Mutual reductions in trade barriers offer enormous economic benefits. Over the years large-scale negotiations, such as through the World Trade Organization, have dramatically opened the world economy. Unfortunately, the so-called Doha round has stalled over farm subsidies, with the latest attempt to break the deadlock collapsing in late June.

Another option is unilateral dismantlement of trade barriers, a strategy followed by Hong Kong, New Zealand, and Singapore. Indeed, most U.S. reductions in tariffs and quotas have been unilateral. As Daniel Ikenson of the Cato Institute points out, "the primary benefits of trade come from liberalization at home." Unfortunately, such a proposal would likely win little political support.

The best strategy today is bilateral and regional agreements. Four free trade agreements (FTAs) current await congressional approval. But the newly empowered Democratic majority has been critical of the accords and TPA, under which they were negotiated. TPA, which expires on June 30, requires that Congress hold an up or down vote on FTAs without amendment.

The administration agreed with House Democratic leaders on a new, supposedly bipartisan trade policy incorporating enhanced environmental and labor regulation. House Ways and Means Committee Chairman Charles Rangel (D-N.Y.) argues that the agreement "will remove the excuse of the ILO" for trade opponents. But any restrictions are likely to sharply limit the benefit of any resulting FTAs.

The benefits of free trade are significant. By basing production on "comparative advantage," that is, allowing people in different lands to produce the goods and provide the services at which they are most proficient, free trade benefits both buyers and sellers. Moreover, note Richard Fisher and Michael Cox of the Federal Reserve Bank of Dallas, "Larger markets give companies a wider field to search for scarce capital, cheaper inputs and human talents. They provide added impetus for innovation, business formation and risk-taking."

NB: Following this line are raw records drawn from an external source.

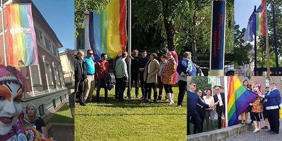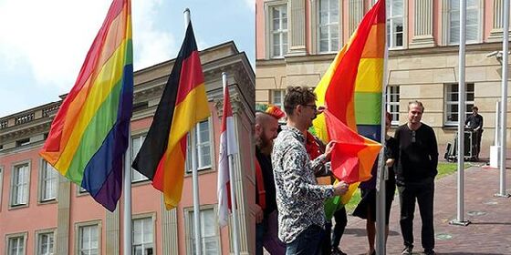 Vor dem Regine-Hildebrandt-Haus, am Karl-Liebknecht-Stadion, vor dem Lothar-Bisky-Haus und am Stadthaus Potsdam wurden am 3. Mai 2018 Regenbogenflaggen anlässlich der Eröffnung des diesjährigen Christopher-Street-Days gehisst.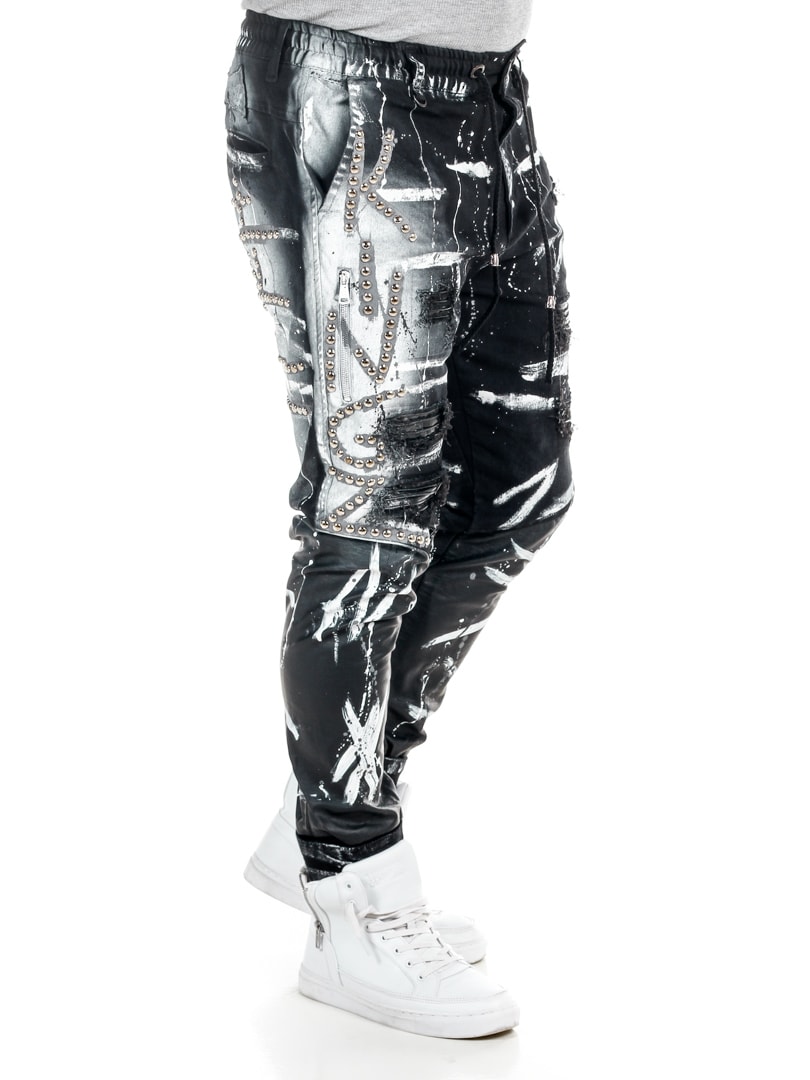 Wyjątkowo zaprojektowane spodnie z połączenia kolorowego denimu i czarnej imitacji skóry. Mają sznurek w pasie, wiele kieszeni, a końce nogawek można regulować za pomocą pasków na rzepy. Są ozdobione nitami, rozdarciami i malowanymi efektami.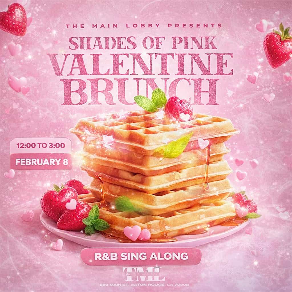 by admin23Feb Shades of Pink Gaentines Brunch at The Main Lobby at The Main Lobby – Baton Rouge, LA Shades of Pink Gaentines Brunch at The Main Lobby at The Main Lobby – Baton Rouge, LA 4 4 people viewed this event. Celebrate love in every shade of pink with a chic Valentine’s brunch featuring delicious bites, bottomless mimosas , and sing along fun! Tickets-RSVP Link Date And Time Sunday, March 8th, 2026 @ 12:00 PM Location 668 Main Street, Baton Rouge, LA 70801 Event Types Food & DrinkParty or Social Gathering Event Category Baton RougeLouisiana Share With Friends Facebook Twitter Linkedin Xing Pinterest Share This Post: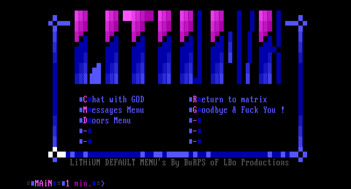 LiTHiUM DEFAULT MENUs By BuRPS oF LBo Productions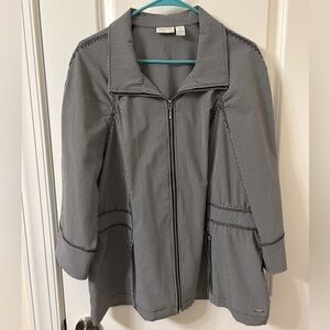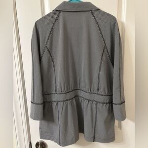 Experience the perfect blend of style and functionality with Chico's black and white utility jacket. This mid-length jacket offers a relaxed fit and a clean design, making it an ideal choice for everyday wear. Crafted with attention to detail, it ensures both comfort and a chic appearance.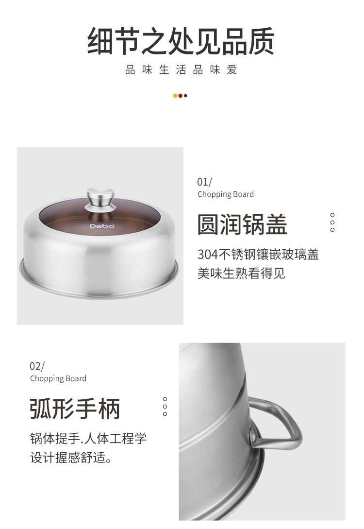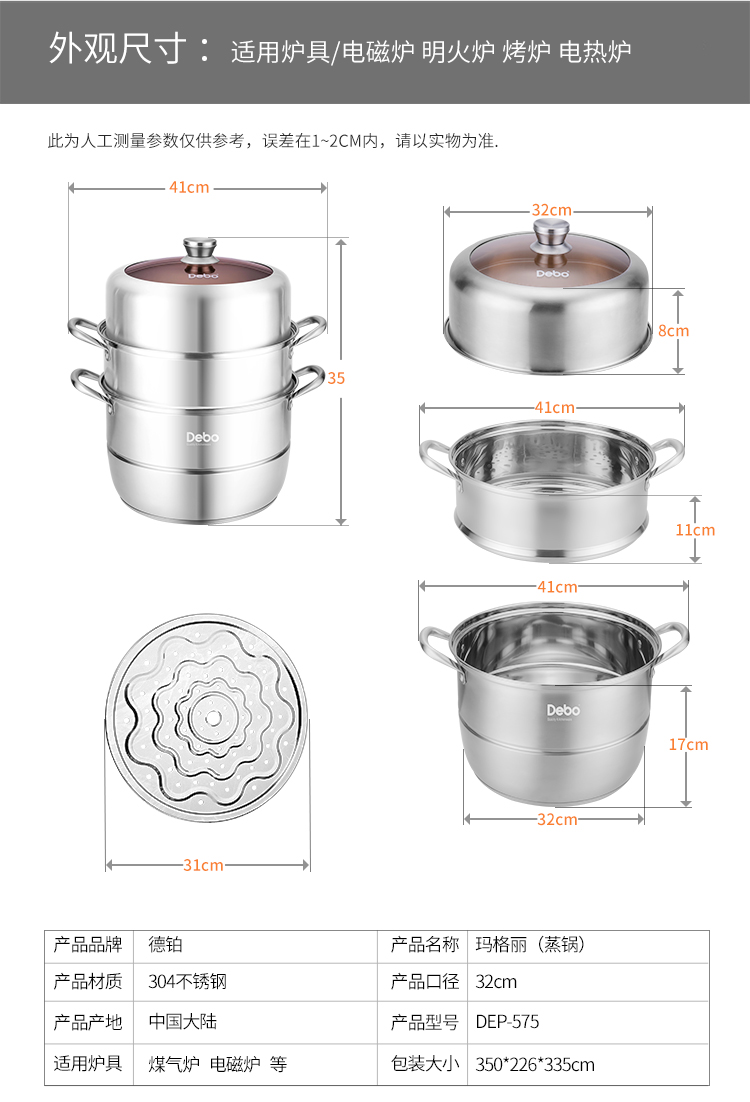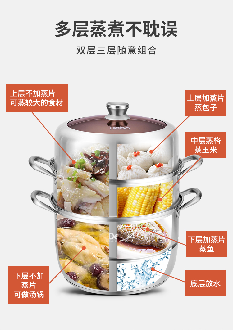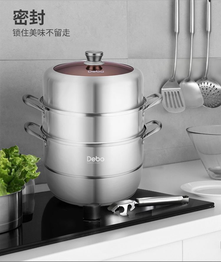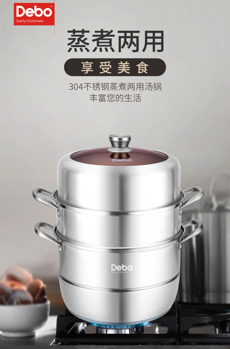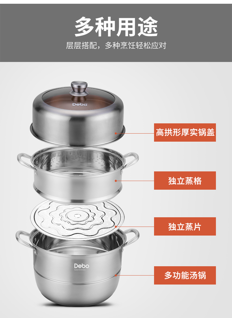 Debo 德铂玛格丽蒸锅304不锈钢32cm三层多用途汤锅蒸笼电磁炉燃气炉通用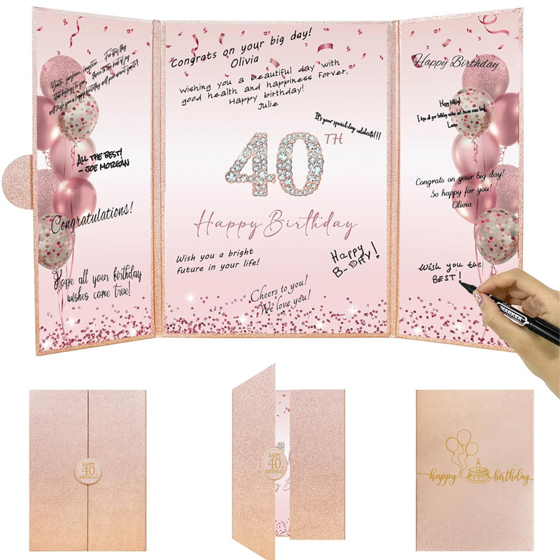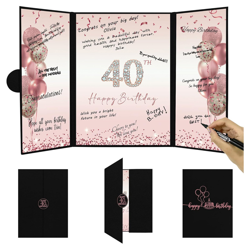 ローズゴールドブラック誕生日サインインカードボード外国貿易アマゾンパーティー用品サインインブック40歳の誕生日パーティー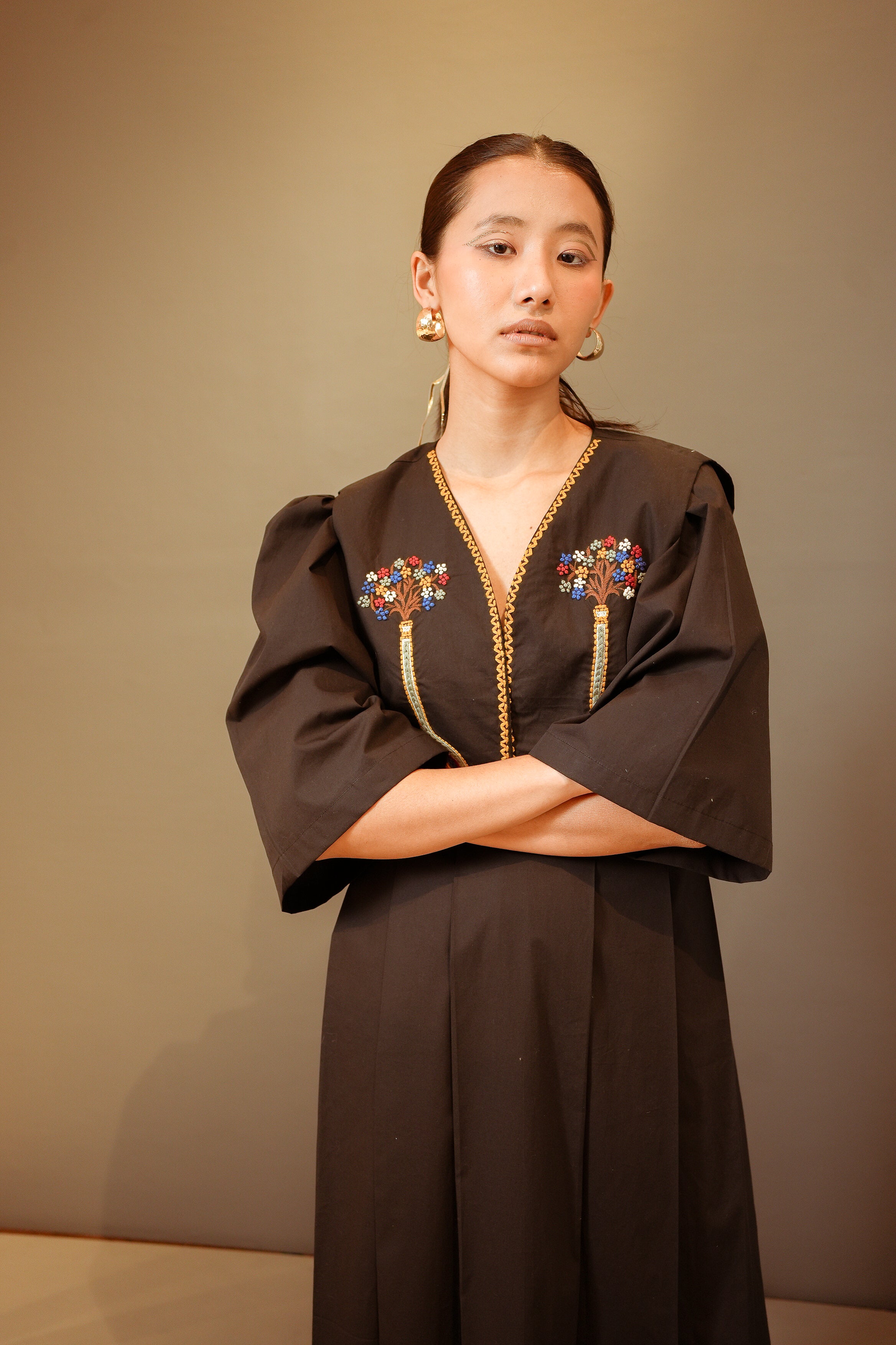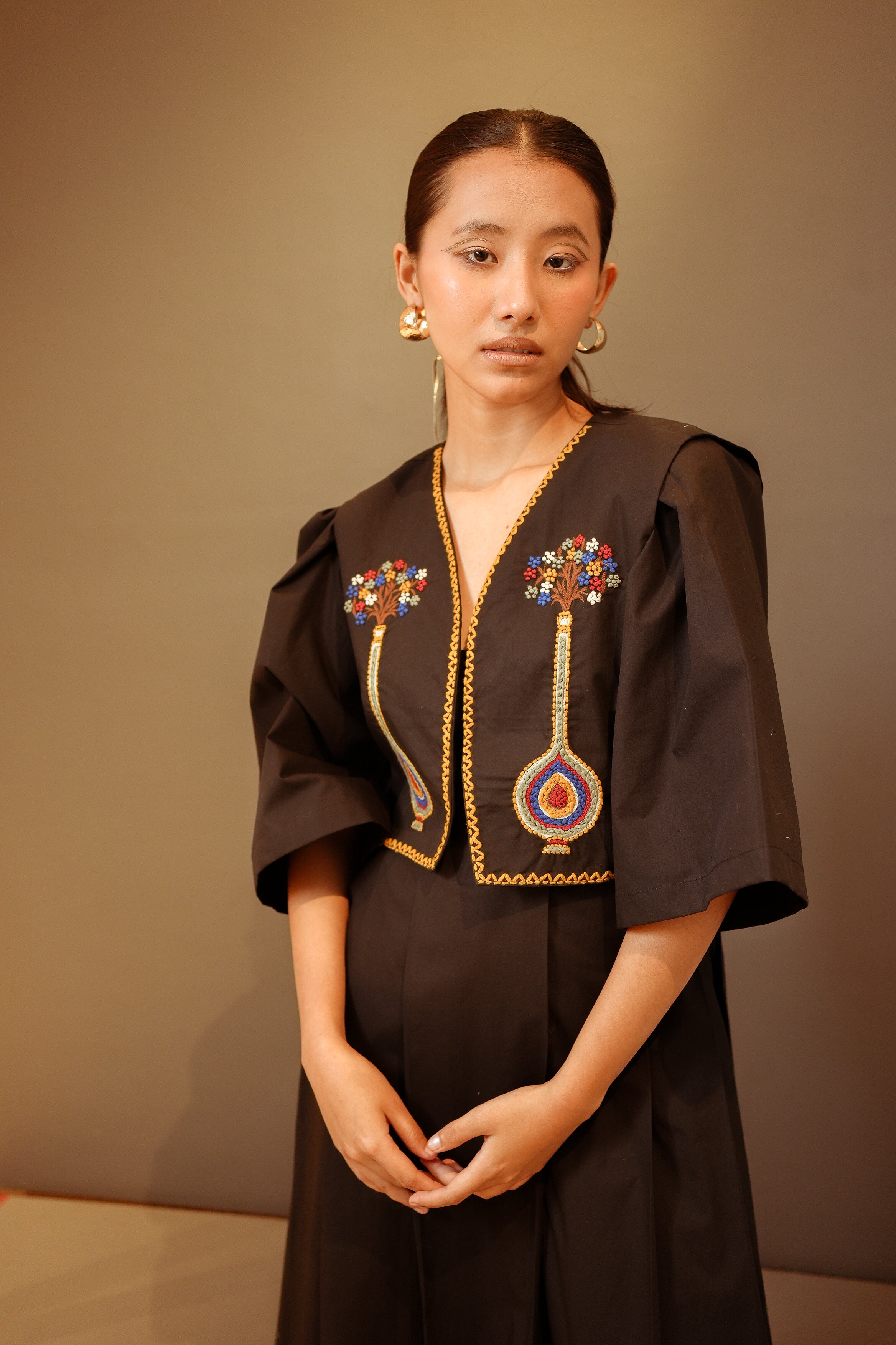Swaroop Exclusive Collection. Introducing our hand-embroidered cotton jacket, featuring a stunning matka motif crafted on the front. This vibrant piece adds a burst of color to elevate any outfit.

In this way trade creates wealth, and ultimately more, and better, jobs. Indeed, with the world's largest and most productive economy, the U.S. is well positioned to take advantage of a freer global trading environment.

Overall, trade, production, and employment tend to expand together. An expanding economy raises demand both for imports and domestic products. Consumers with rising incomes buy more goods, both imported and domestic. American producers also import more intermediate goods, such as auto parts, computer components, and capital goods.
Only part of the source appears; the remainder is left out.